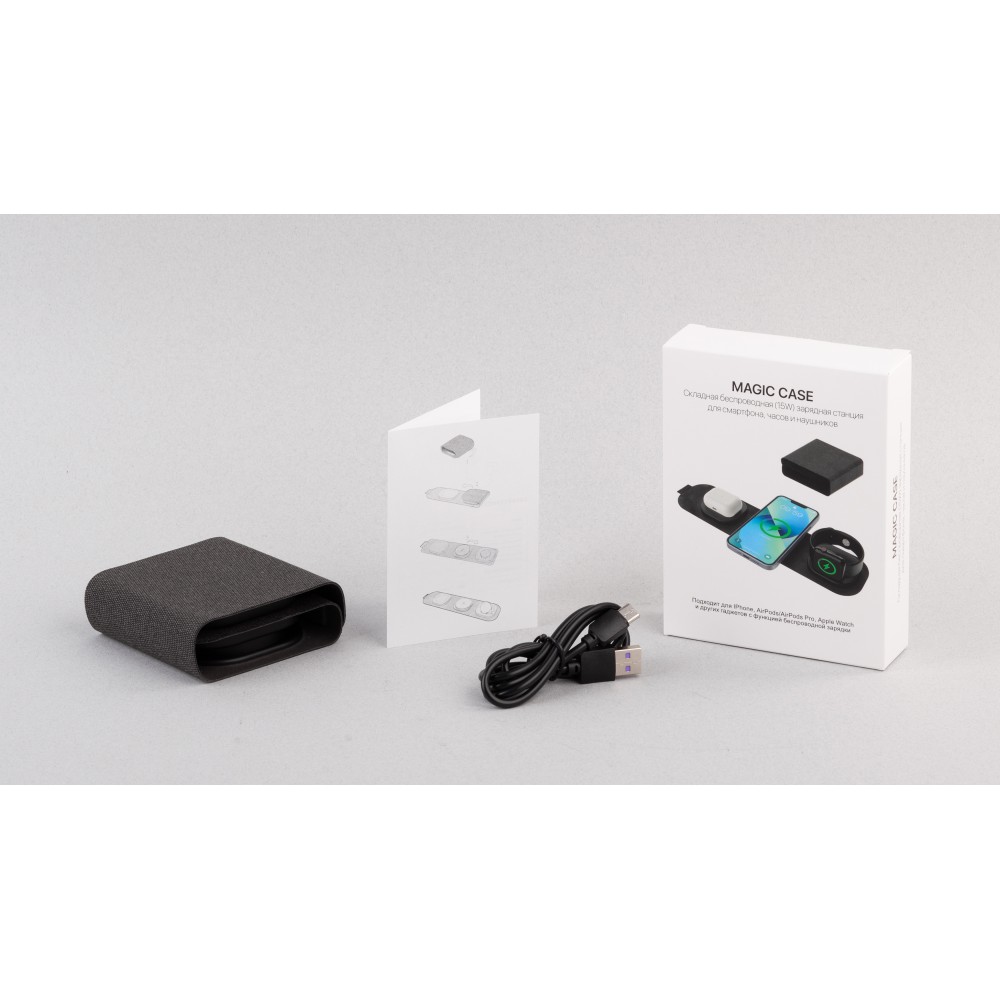 Складная беспроводная (15W) зарядная станция "Magic Case" с MagSafe для смартфона, часов и наушников, черный
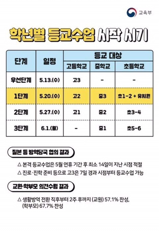 #등교수업 #학년별등교수업시기 그런데 초등은 왜 1,2학년이 먼저가지?? 초5,6이 젤 늦네 암튼, 메이는 6월...
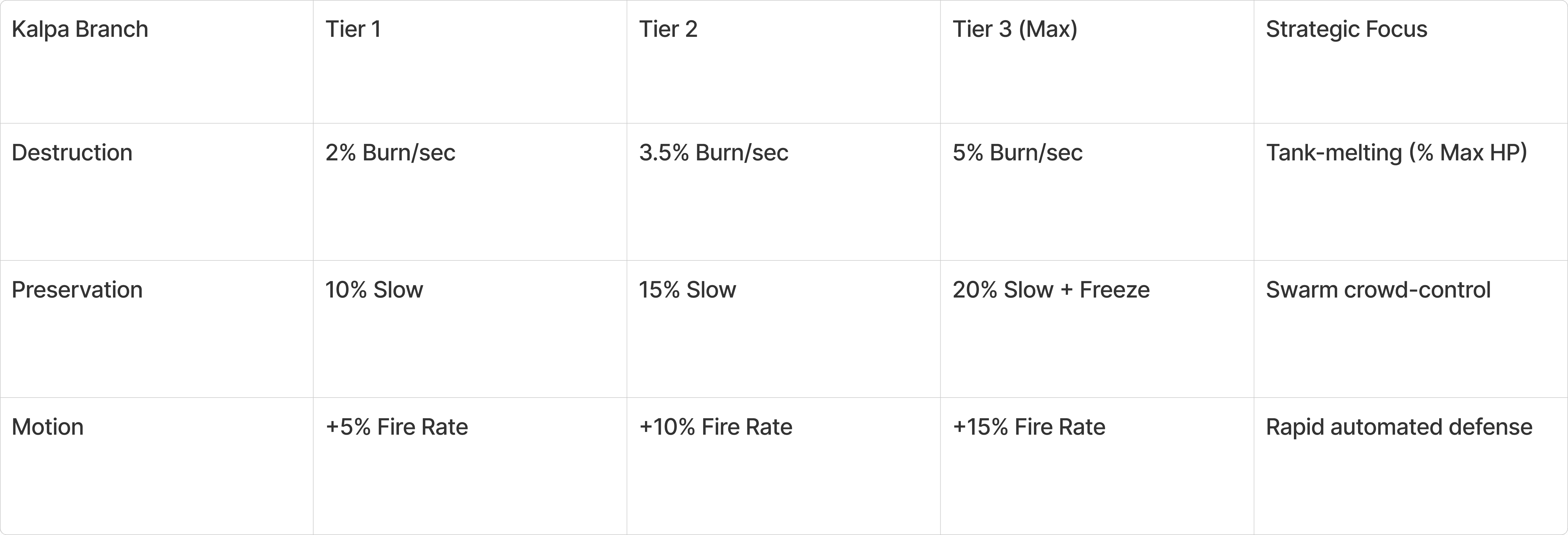Action: Secondary elemental branches unlock, but upgrade costs begin to scale aggressively.
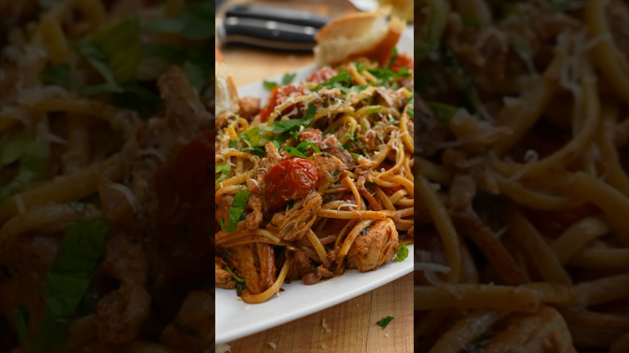 6. Once the chicken has rested, dice it up and return it to the Blackstone on medium-low heat. Add the blistered tomatoes, cooked linguine pasta, freshly grated Parmesan cheese, juice of one lemon, additional wine if needed, another tablespoon or two of butter, chopped Italian parsley, and a pinch or two of Kosher salt. Mix well.
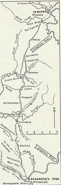 Washington confronts death twice while returning to Williamsburg from Fort Le Boeuf in 1753; first by French Indians and when crossing the fast moving, icy Allegheny River with Christopher Grist on a hand-made raft.
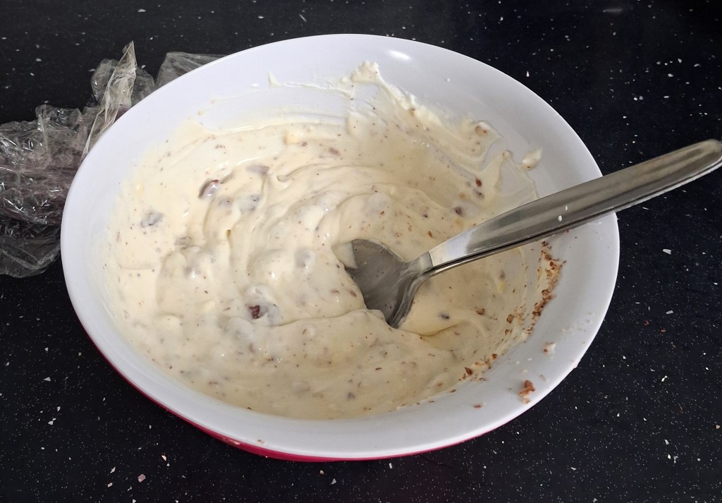 4. Stir in most of the bacon and nut pieces. (Retain about a quarter – some will be used when layering the cake, some will go on top. And/or, reserve a few pecan halves to use on top.)
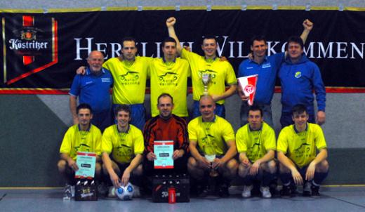 Bezirksligist SG Dietzhausen/Dillstädt (Foto oben) hat am Samstag (6. Februar) in der Werratalhalle Hildburghausen die Südthüringer Hallenmeisterschaft um den Köstritzer Pokal gewonnen. Dietzhausen hatte als eigenständiges Team bereits 2002 und 2005 triumphiert. Die Mannschaftvon Trainer Stefan Menz (acht Punkte) siegte in einem spannenden Turnier verdient vor dem SV Eintracht Heldburg und dem TSV 1911 Themar(je 7). Die Entscheidung für das spielerisch am besten auftretende Dietzhausen/Dillstädt fiel in der abschließenden Partie gegen die SG Reurieth/Dingsleben (2:1), die mitnur einem Punkt den letzten Platz belegte. Dieses Remis erzielte Reurieth ausgerechnet gegen Heldburg, das damit seine Chance auf den Titel verspielte. Platz vier belegte der TSV 1868 Ummerstadt (4).
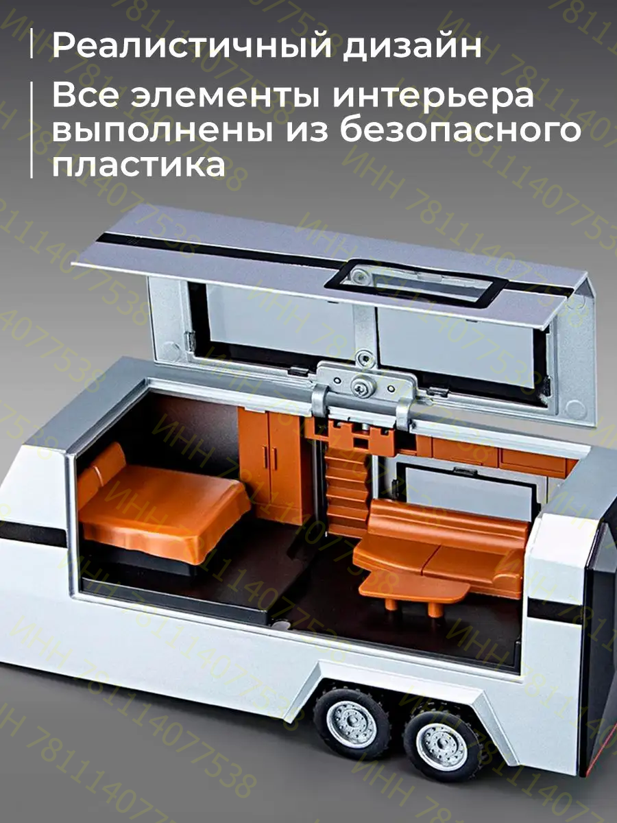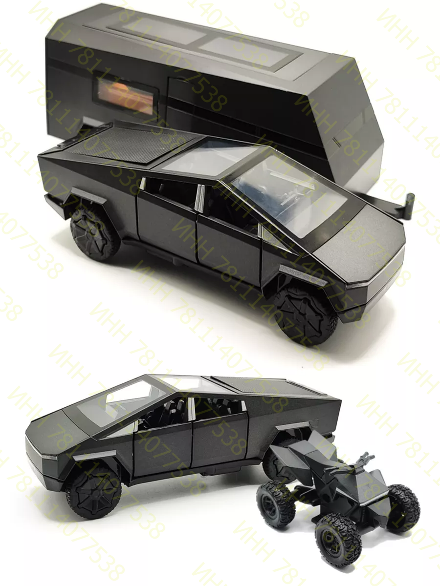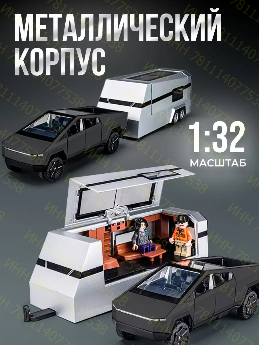 Машинка-кемпинг с квадроциклом Тесла Кибертрак 23 см металлическая инерционная, со световыми и звуковыми эффектами, темно-серый
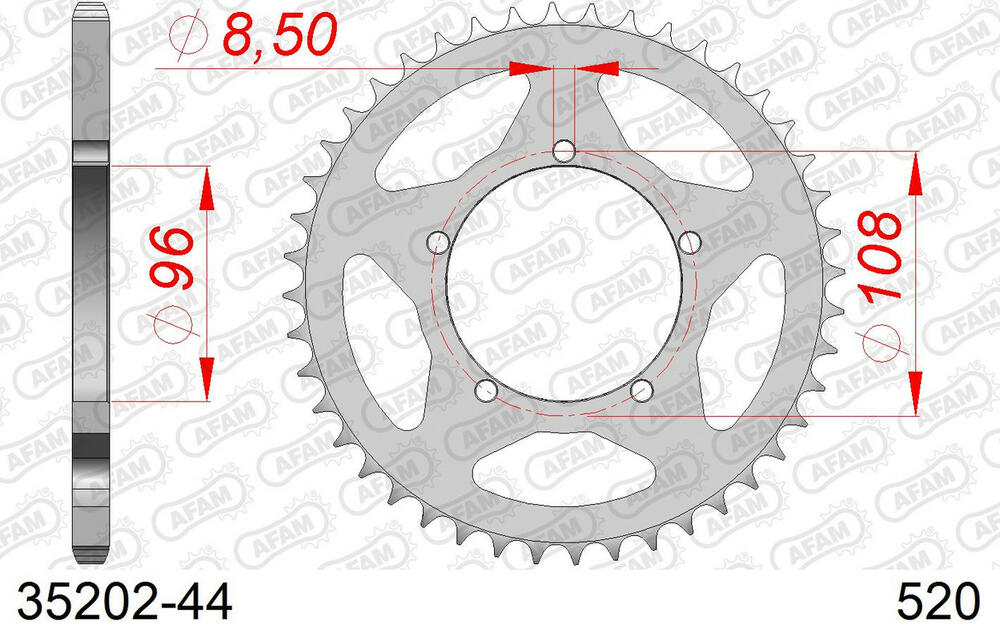 - hinten AFAM 520 Stahl Kettenrad 44 Zähne
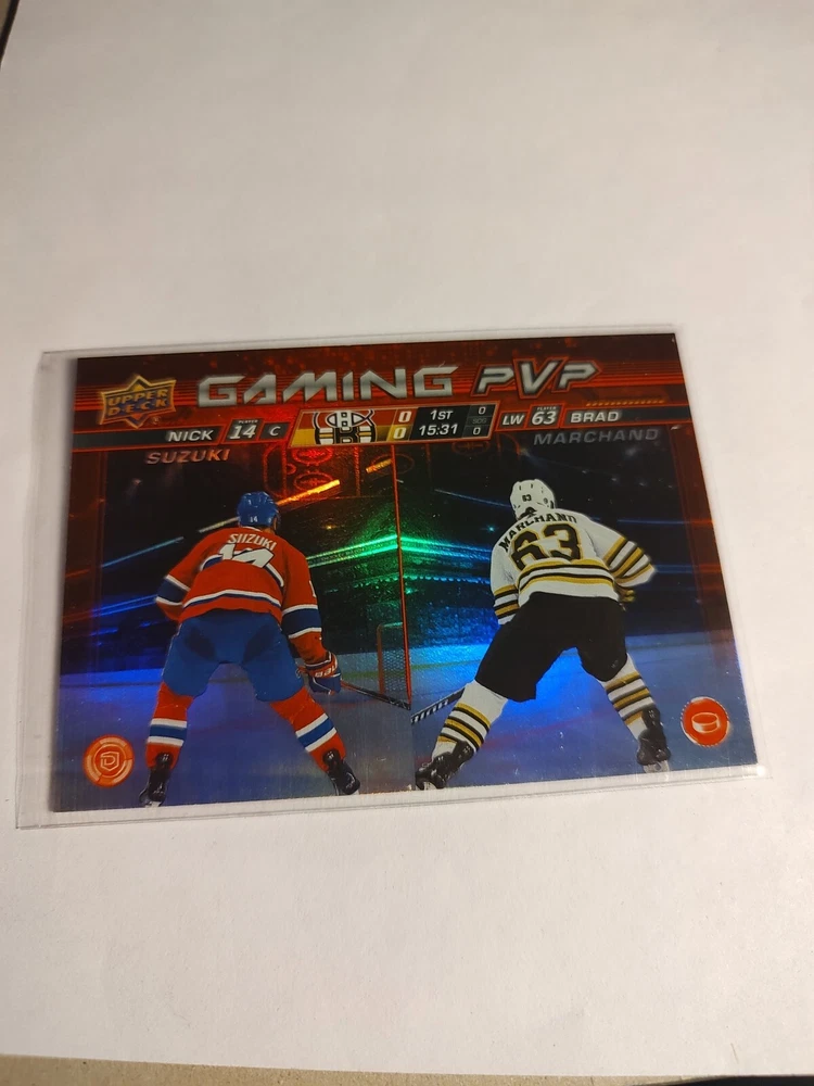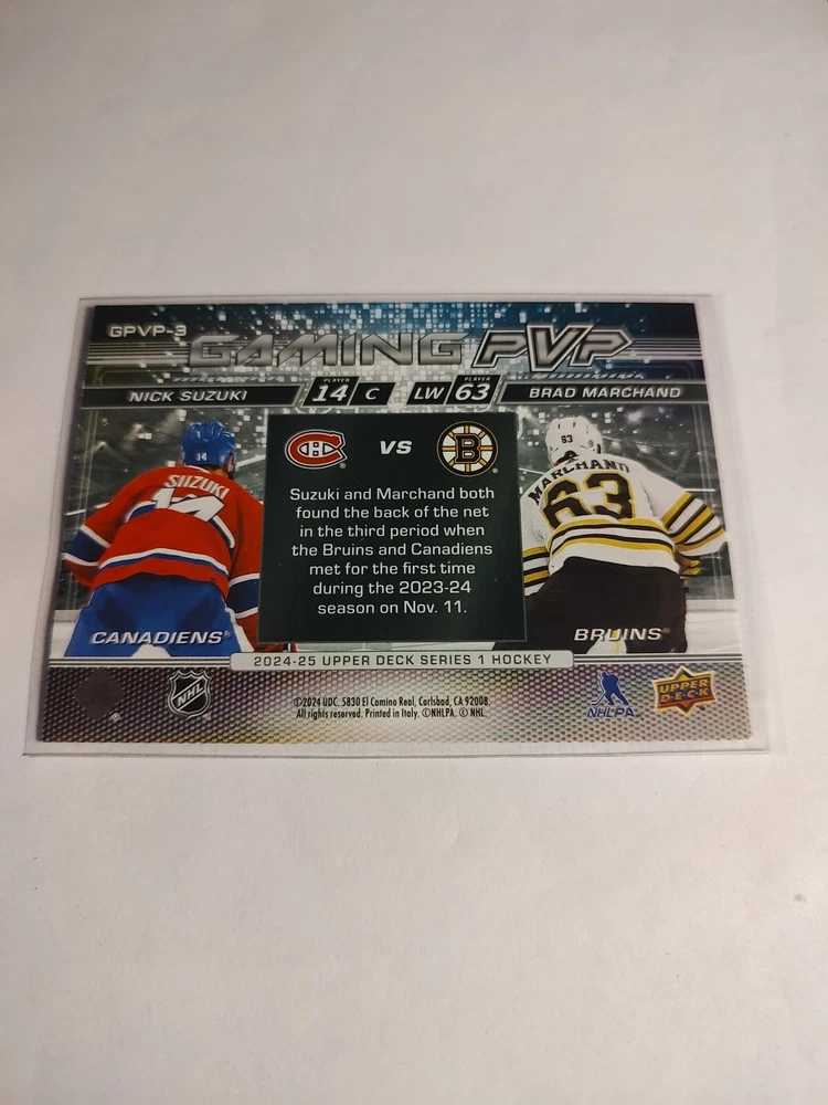 Get your hands on the 2024-25 Upper Deck Series 1 Gaming PVP #GPVP-3 sports trading card featuring Brad Marchand and Nick Suzuki. This card is a must-have for any ice hockey fan and collector. The card number GPVP-3 is part of the Gaming Pvp insert set, which is a great addition to your collection. The card showcases the Montreal Canadiens and Boston Bruins teams, and the players are depicted in their full glory. The National Hockey League (NHL) has approved this trading card, and it is manufactured by Upper Deck. Don't miss out on this opportunity to own a piece of history.
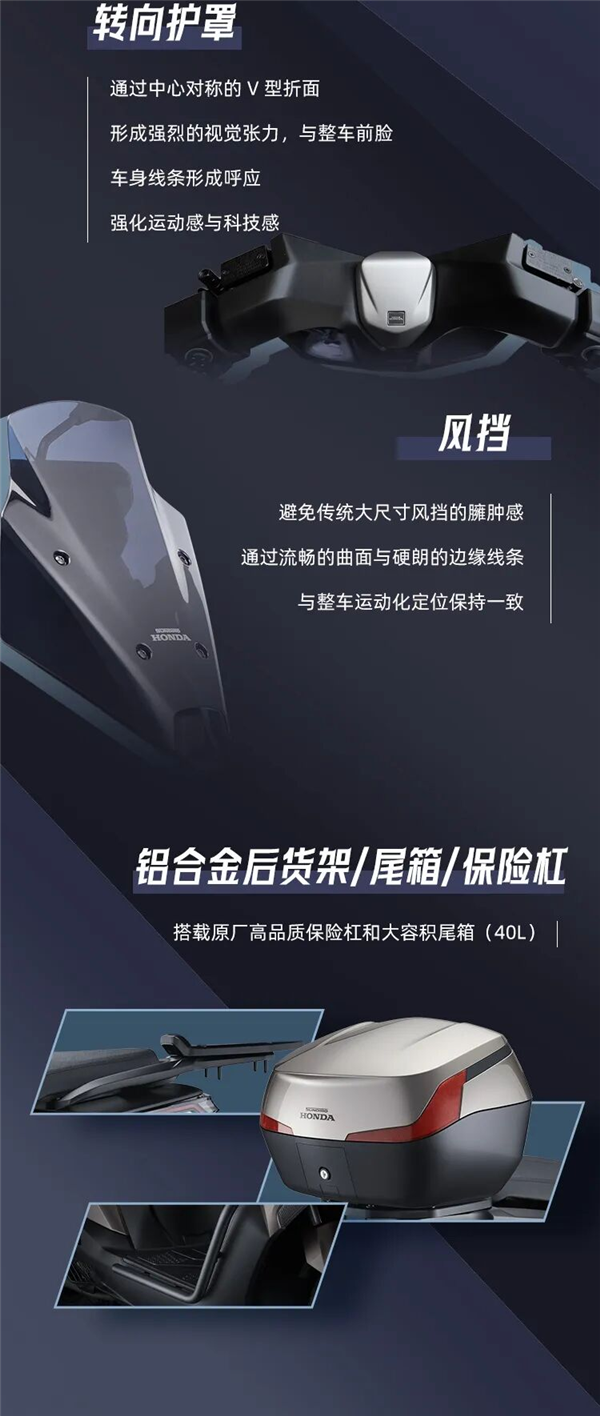 动力方面,该车搭载本田SH-EP150单缸水冷四气门发动机,排量149.7cc,最大功率11.4kW,峰值扭矩14.4N·m,具备静音启动与自动启停功能,百公里油耗约2.2L,8L油箱续航可达370km。
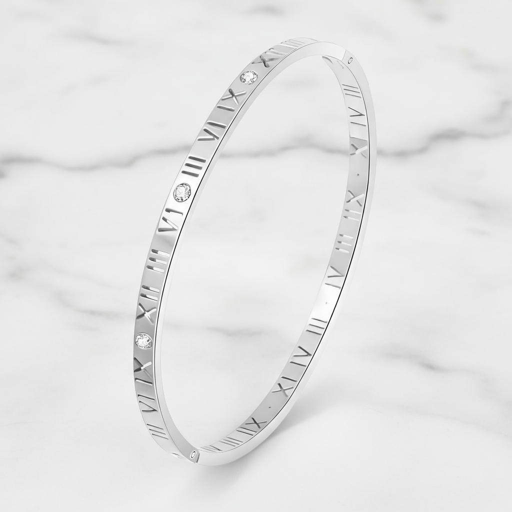 The Claudia Bangle blends timeless Roman elegance with a sleek stainless-steel finish. Engraved with classic Roman numerals, it captures a sense of history and refined sophistication. Subtle crystal accents add just the right touch of sparkle for a polished, modern look. Versatile and minimalist, it pairs effortlessly with both everyday outfits and formal styles. A perfect accessory for those who appreciate clean lines and enduring charm.

━━━━━━━━━━━━━━━━━━━━

TASK ITEM:
When you write out the material, keep every line exact and leave out each picture.

TASK RESPONSE:
 Складная беспроводная (15W) зарядная станция "Magic Case" с MagSafe для смартфона, часов и наушников, черный
 #등교수업 #학년별등교수업시기 그런데 초등은 왜 1,2학년이 먼저가지?? 초5,6이 젤 늦네 암튼, 메이는 6월...
Action: Secondary elemental branches unlock, but upgrade costs begin to scale aggressively.
 6. Once the chicken has rested, dice it up and return it to the Blackstone on medium-low heat. Add the blistered tomatoes, cooked linguine pasta, freshly grated Parmesan cheese, juice of one lemon, additional wine if needed, another tablespoon or two of butter, chopped Italian parsley, and a pinch or two of Kosher salt. Mix well.
 Washington confronts death twice while returning to Williamsburg from Fort Le Boeuf in 1753; first by French Indians and when crossing the fast moving, icy Allegheny River with Christopher Grist on a hand-made raft.
 4. Stir in most of the bacon and nut pieces. (Retain about a quarter – some will be used when layering the cake, some will go on top. And/or, reserve a few pecan halves to use on top.)
 Bezirksligist SG Dietzhausen/Dillstädt (Foto oben) hat am Samstag (6. Februar) in der Werratalhalle Hildburghausen die Südthüringer Hallenmeisterschaft um den Köstritzer Pokal gewonnen. Dietzhausen hatte als eigenständiges Team bereits 2002 und 2005 triumphiert. Die Mannschaftvon Trainer Stefan Menz (acht Punkte) siegte in einem spannenden Turnier verdient vor dem SV Eintracht Heldburg und dem TSV 1911 Themar(je 7). Die Entscheidung für das spielerisch am besten auftretende Dietzhausen/Dillstädt fiel in der abschließenden Partie gegen die SG Reurieth/Dingsleben (2:1), die mitnur einem Punkt den letzten Platz belegte. Dieses Remis erzielte Reurieth ausgerechnet gegen Heldburg, das damit seine Chance auf den Titel verspielte. Platz vier belegte der TSV 1868 Ummerstadt (4).
 Машинка-кемпинг с квадроциклом Тесла Кибертрак 23 см металлическая инерционная, со световыми и звуковыми эффектами, темно-серый
 - hinten AFAM 520 Stahl Kettenrad 44 Zähne
 Get your hands on the 2024-25 Upper Deck Series 1 Gaming PVP #GPVP-3 sports trading card featuring Brad Marchand and Nick Suzuki. This card is a must-have for any ice hockey fan and collector. The card number GPVP-3 is part of the Gaming Pvp insert set, which is a great addition to your collection. The card showcases the Montreal Canadiens and Boston Bruins teams, and the players are depicted in their full glory. The National Hockey League (NHL) has approved this trading card, and it is manufactured by Upper Deck. Don't miss out on this opportunity to own a piece of history.
 动力方面,该车搭载本田SH-EP150单缸水冷四气门发动机,排量149.7cc,最大功率11.4kW,峰值扭矩14.4N·m,具备静音启动与自动启停功能,百公里油耗约2.2L,8L油箱续航可达370km。
 The Claudia Bangle blends timeless Roman elegance with a sleek stainless-steel finish. Engraved with classic Roman numerals, it captures a sense of history and refined sophistication. Subtle crystal accents add just the right touch of sparkle for a polished, modern look. Versatile and minimalist, it pairs effortlessly with both everyday outfits and formal styles. A perfect accessory for those who appreciate clean lines and enduring charm.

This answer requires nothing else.